__Problem details__.
Take the entries below and print only the lines from the one with "Jachère sur le Plateau d'Ossona" through the one with "Après l'échec d'un", exactly as they stand, both ends included.

__Dataset extract__.
--- START ---
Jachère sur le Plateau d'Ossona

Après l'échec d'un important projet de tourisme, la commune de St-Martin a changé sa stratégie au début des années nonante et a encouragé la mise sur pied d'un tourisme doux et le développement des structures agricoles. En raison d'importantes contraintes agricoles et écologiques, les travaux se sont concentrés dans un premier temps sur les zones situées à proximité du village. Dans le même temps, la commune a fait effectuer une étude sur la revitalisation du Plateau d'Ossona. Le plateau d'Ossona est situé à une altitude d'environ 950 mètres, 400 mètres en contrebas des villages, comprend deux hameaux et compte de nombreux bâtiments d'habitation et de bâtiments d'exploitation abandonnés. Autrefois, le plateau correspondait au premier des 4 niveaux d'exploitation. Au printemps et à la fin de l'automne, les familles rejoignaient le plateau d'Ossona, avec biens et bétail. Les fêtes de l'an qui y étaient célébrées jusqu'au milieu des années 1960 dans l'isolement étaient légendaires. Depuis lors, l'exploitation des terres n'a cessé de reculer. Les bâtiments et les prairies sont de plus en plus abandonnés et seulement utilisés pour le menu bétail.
--- END ---
--- START ---
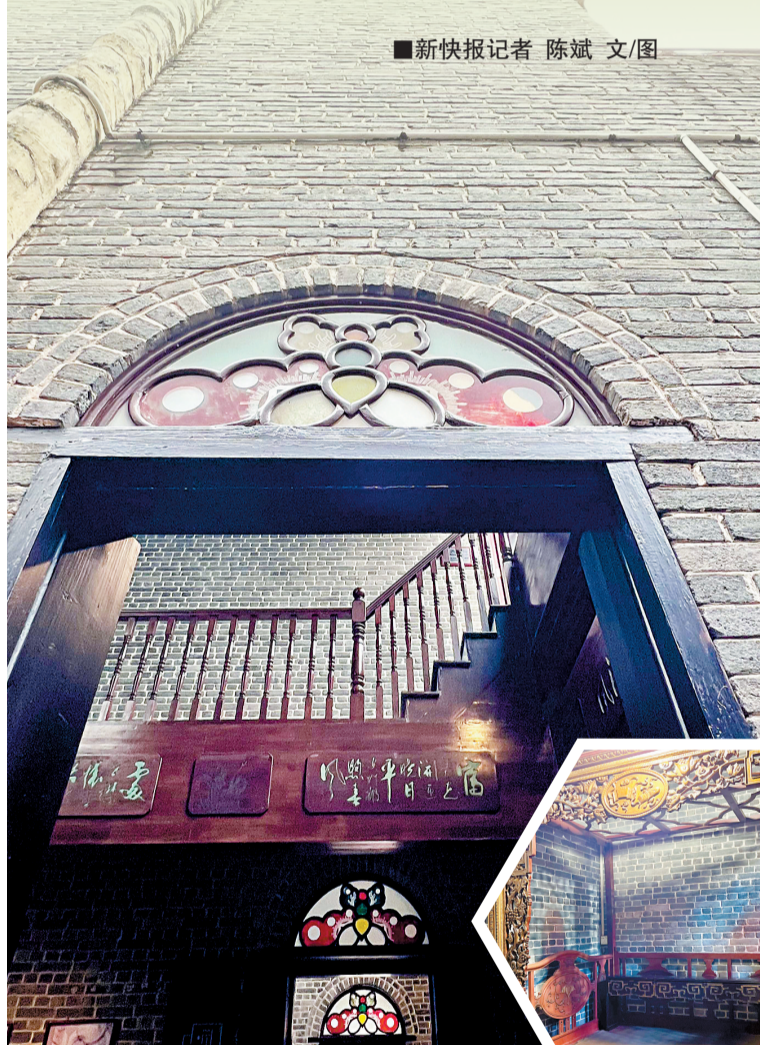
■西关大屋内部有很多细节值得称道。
--- END ---
--- START ---
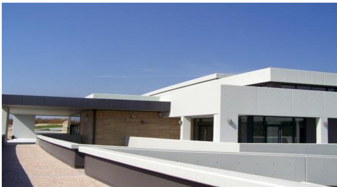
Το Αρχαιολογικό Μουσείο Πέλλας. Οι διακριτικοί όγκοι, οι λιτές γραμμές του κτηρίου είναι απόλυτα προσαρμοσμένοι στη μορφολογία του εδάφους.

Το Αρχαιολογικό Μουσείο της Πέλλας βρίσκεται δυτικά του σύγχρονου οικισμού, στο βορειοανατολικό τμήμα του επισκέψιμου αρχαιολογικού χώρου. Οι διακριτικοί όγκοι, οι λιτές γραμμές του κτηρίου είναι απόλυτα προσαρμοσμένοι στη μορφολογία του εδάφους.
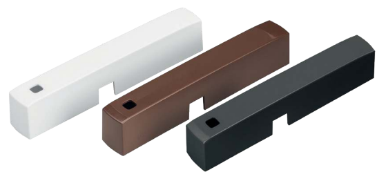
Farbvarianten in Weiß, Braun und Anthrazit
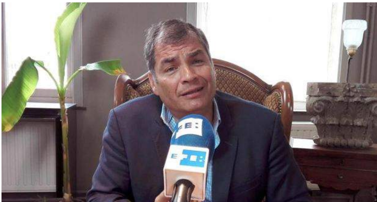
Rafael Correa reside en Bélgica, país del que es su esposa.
--- END ---
__Exercise solution__.
Jachère sur le Plateau d'Ossona

Après l'échec d'un important projet de tourisme, la commune de St-Martin a changé sa stratégie au début des années nonante et a encouragé la mise sur pied d'un tourisme doux et le développement des structures agricoles. En raison d'importantes contraintes agricoles et écologiques, les travaux se sont concentrés dans un premier temps sur les zones situées à proximité du village. Dans le même temps, la commune a fait effectuer une étude sur la revitalisation du Plateau d'Ossona. Le plateau d'Ossona est situé à une altitude d'environ 950 mètres, 400 mètres en contrebas des villages, comprend deux hameaux et compte de nombreux bâtiments d'habitation et de bâtiments d'exploitation abandonnés. Autrefois, le plateau correspondait au premier des 4 niveaux d'exploitation. Au printemps et à la fin de l'automne, les familles rejoignaient le plateau d'Ossona, avec biens et bétail. Les fêtes de l'an qui y étaient célébrées jusqu'au milieu des années 1960 dans l'isolement étaient légendaires. Depuis lors, l'exploitation des terres n'a cessé de reculer. Les bâtiments et les prairies sont de plus en plus abandonnés et seulement utilisés pour le menu bétail.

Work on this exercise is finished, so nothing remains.